_INFORMATION PROVIDED_.
--*--

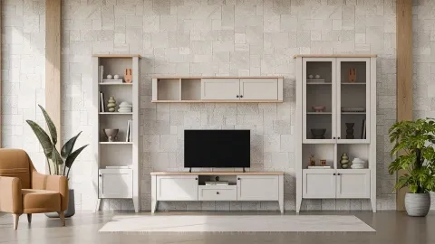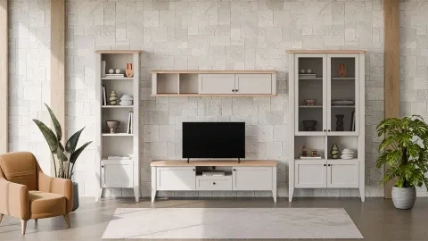 Comme chez Doğtaş, l’ensemble se compose de modules (meuble bas, éléments hauts, étagères, vitrines selon modèle) :
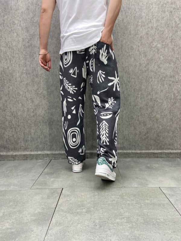 Beli Lastikli Kaşe Cep Nervür Detaylı Desenli Baggy Pantolon
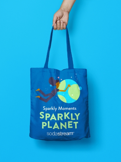We also included messaging and illustrations to highlight SodaStream's environmental focus. The style of the illustrations is quirky, dynamic and playful, with the feeling of 'floating worlds' in which everyone is lifted by the joy of the sparkling water.
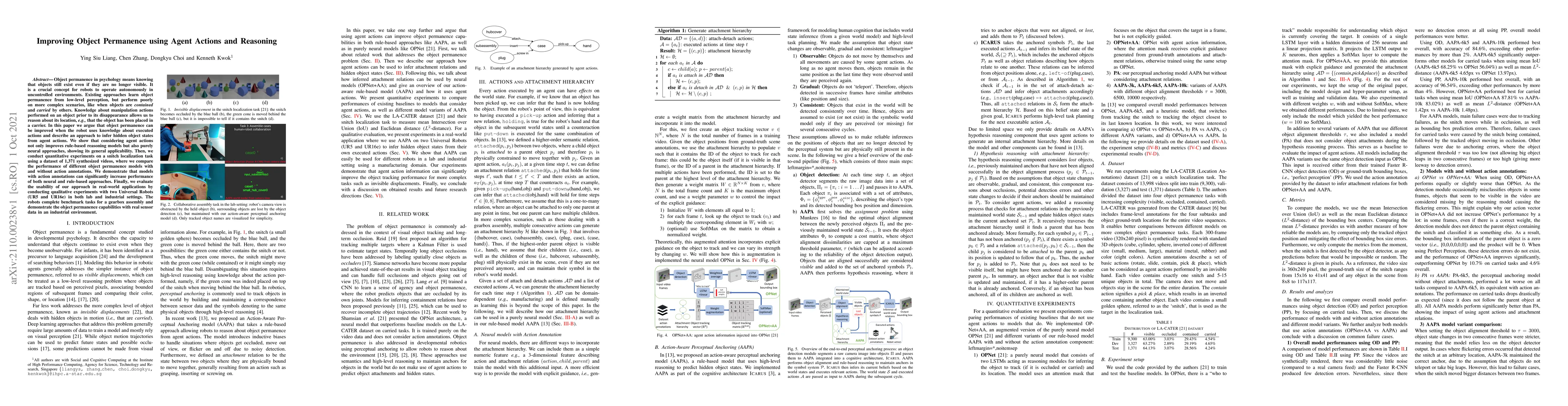 Object permanence in psychology means knowing that objects still exist even if they are no longer visible. It is a crucial concept for robots to operate autonomously in uncontrolled environments. Existing approaches learn object permanence from low-level perception, but perform poorly on more complex scenarios, like when objects are contained and carried by others. Knowledge about manipulation actions performed on an object prior to its disappearance allows us to reason about its location, e.g., that the object has been placed in a carrier. In this paper we argue that object permanence can be improved when the robot uses knowledge about executed actions and describe an approach to infer hidden object states from agent actions. We show that considering agent actions not only improves rule-based reasoning models but also purely neural approaches, showing its general applicability. Then, we conduct quantitative experiments on a snitch localization task using a dataset of 1,371 synthesized videos, where we compare the performance of different object permanence models with and without action annotations. We demonstrate that models with action annotations can significantly increase performance of both neural and rule-based approaches. Finally, we evaluate the usability of our approach in real-world applications by conducting qualitative experiments with two Universal Robots (UR5 and UR16e) in both lab and industrial settings. The robots complete benchmark tasks for a gearbox assembly and demonstrate the object permanence capabilities with real sensor data in an industrial environment.
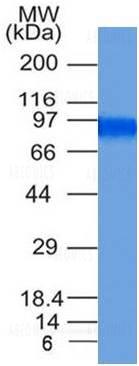 Figure 1 : SDS-PAGE analysis of purified Recombinant Human ACE2 His Tag Protein. 2 µg protein was run on a 4-20% SDS-PAGE gel followed by Coomassie blue staining.
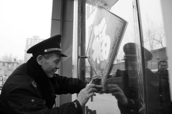 小区保安贴“福”字。本报记者 姜文洁 摄
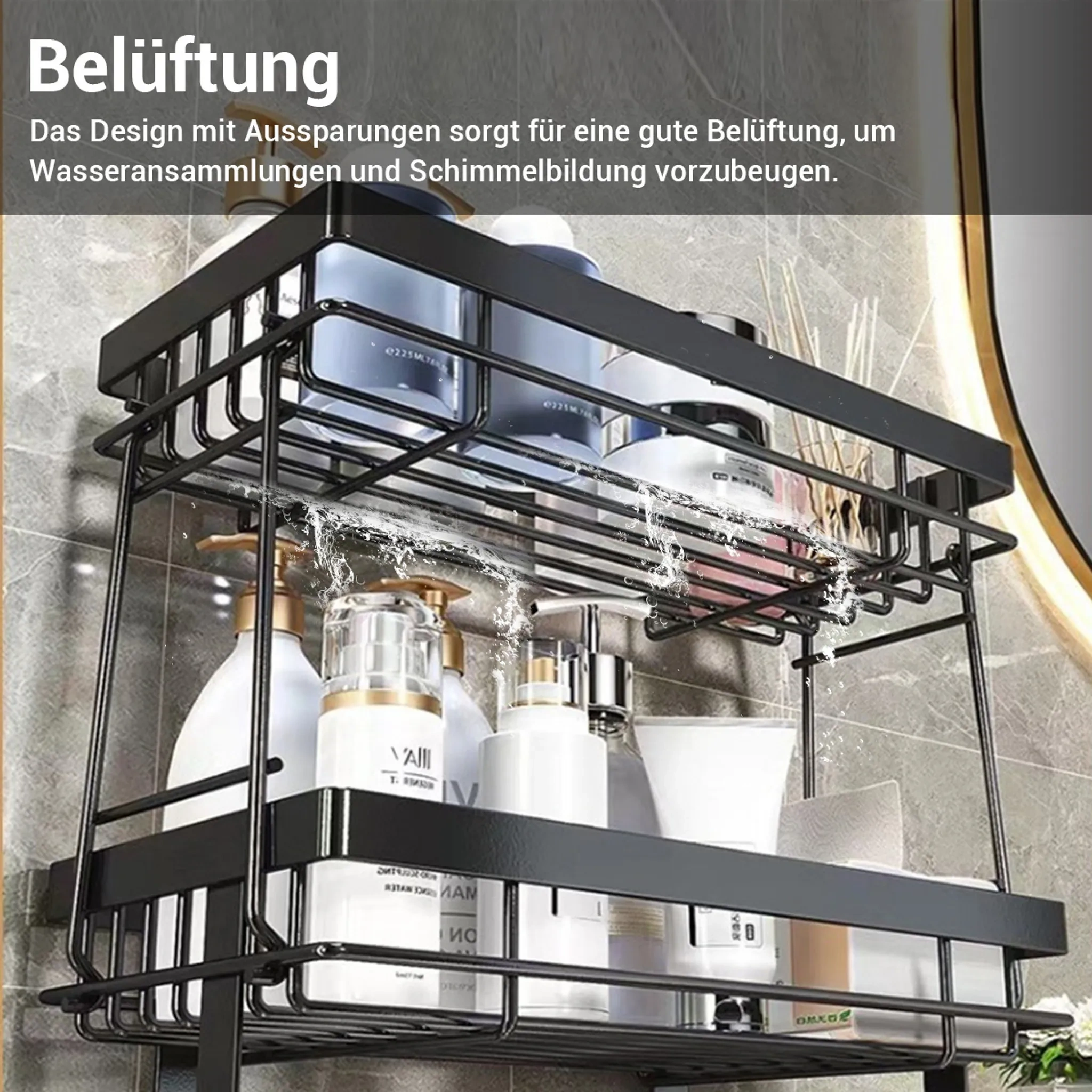 Die belüfteten Aussparungen verhindern Wasseransammlungen und Schimmelbildung, während die breiten Körbe eine sichere Aufbewahrung gewährleisten. Die Montage erfolgt schnell und unkompliziert ohne Bohren mithilfe des mitgelieferten Klebebands.
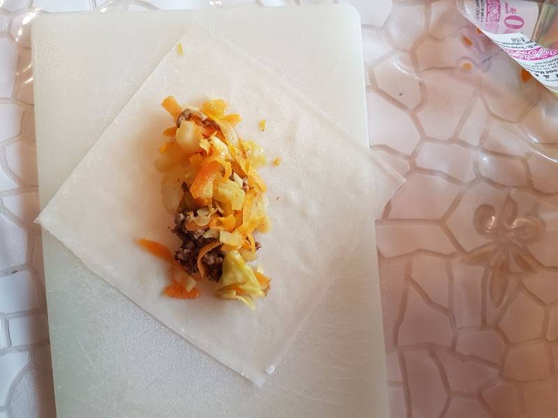 Осторожно отделяем один лист рисовой бумаги (они очень тонкие ) и кладём на доску углом к себе. Сверху выкладывем немного начинки и начинаем заворачивать от угла к углу как на фото.
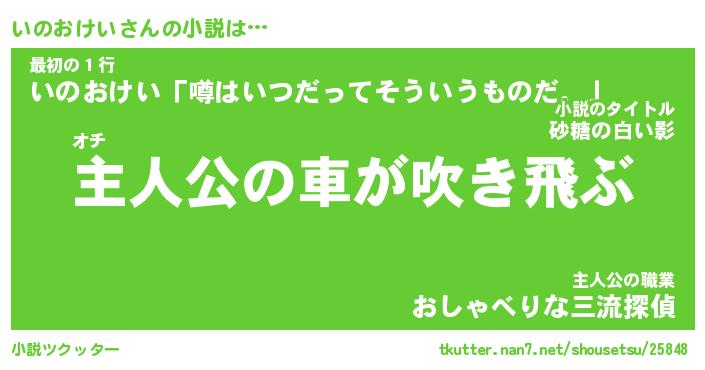 | 男性向けラノベタイトル風あだ名 | 『いのおけいの憂鬱』 |
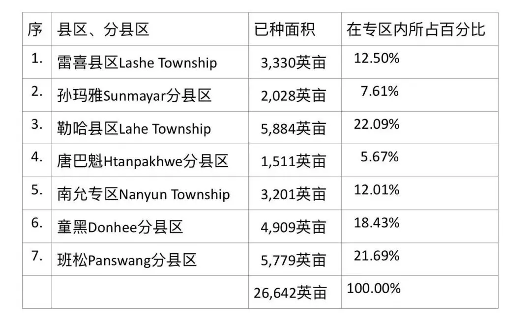 那加民族自治区内各县区种植的雨季稻种植面积如下表:

--*--

_YOUR ASSIGNMENT_.
Omitting all pictures, copy the preceding entries without any alteration.

_RESULT OF THE TASK_.
 Comme chez Doğtaş, l’ensemble se compose de modules (meuble bas, éléments hauts, étagères, vitrines selon modèle) :
 Beli Lastikli Kaşe Cep Nervür Detaylı Desenli Baggy Pantolon
We also included messaging and illustrations to highlight SodaStream's environmental focus. The style of the illustrations is quirky, dynamic and playful, with the feeling of 'floating worlds' in which everyone is lifted by the joy of the sparkling water.
 Object permanence in psychology means knowing that objects still exist even if they are no longer visible. It is a crucial concept for robots to operate autonomously in uncontrolled environments. Existing approaches learn object permanence from low-level perception, but perform poorly on more complex scenarios, like when objects are contained and carried by others. Knowledge about manipulation actions performed on an object prior to its disappearance allows us to reason about its location, e.g., that the object has been placed in a carrier. In this paper we argue that object permanence can be improved when the robot uses knowledge about executed actions and describe an approach to infer hidden object states from agent actions. We show that considering agent actions not only improves rule-based reasoning models but also purely neural approaches, showing its general applicability. Then, we conduct quantitative experiments on a snitch localization task using a dataset of 1,371 synthesized videos, where we compare the performance of different object permanence models with and without action annotations. We demonstrate that models with action annotations can significantly increase performance of both neural and rule-based approaches. Finally, we evaluate the usability of our approach in real-world applications by conducting qualitative experiments with two Universal Robots (UR5 and UR16e) in both lab and industrial settings. The robots complete benchmark tasks for a gearbox assembly and demonstrate the object permanence capabilities with real sensor data in an industrial environment.
 Figure 1 : SDS-PAGE analysis of purified Recombinant Human ACE2 His Tag Protein. 2 µg protein was run on a 4-20% SDS-PAGE gel followed by Coomassie blue staining.
 小区保安贴“福”字。本报记者 姜文洁 摄
 Die belüfteten Aussparungen verhindern Wasseransammlungen und Schimmelbildung, während die breiten Körbe eine sichere Aufbewahrung gewährleisten. Die Montage erfolgt schnell und unkompliziert ohne Bohren mithilfe des mitgelieferten Klebebands.
 Осторожно отделяем один лист рисовой бумаги (они очень тонкие ) и кладём на доску углом к себе. Сверху выкладывем немного начинки и начинаем заворачивать от угла к углу как на фото.
 | 男性向けラノベタイトル風あだ名 | 『いのおけいの憂鬱』 |
 那加民族自治区内各县区种植的雨季稻种植面积如下表:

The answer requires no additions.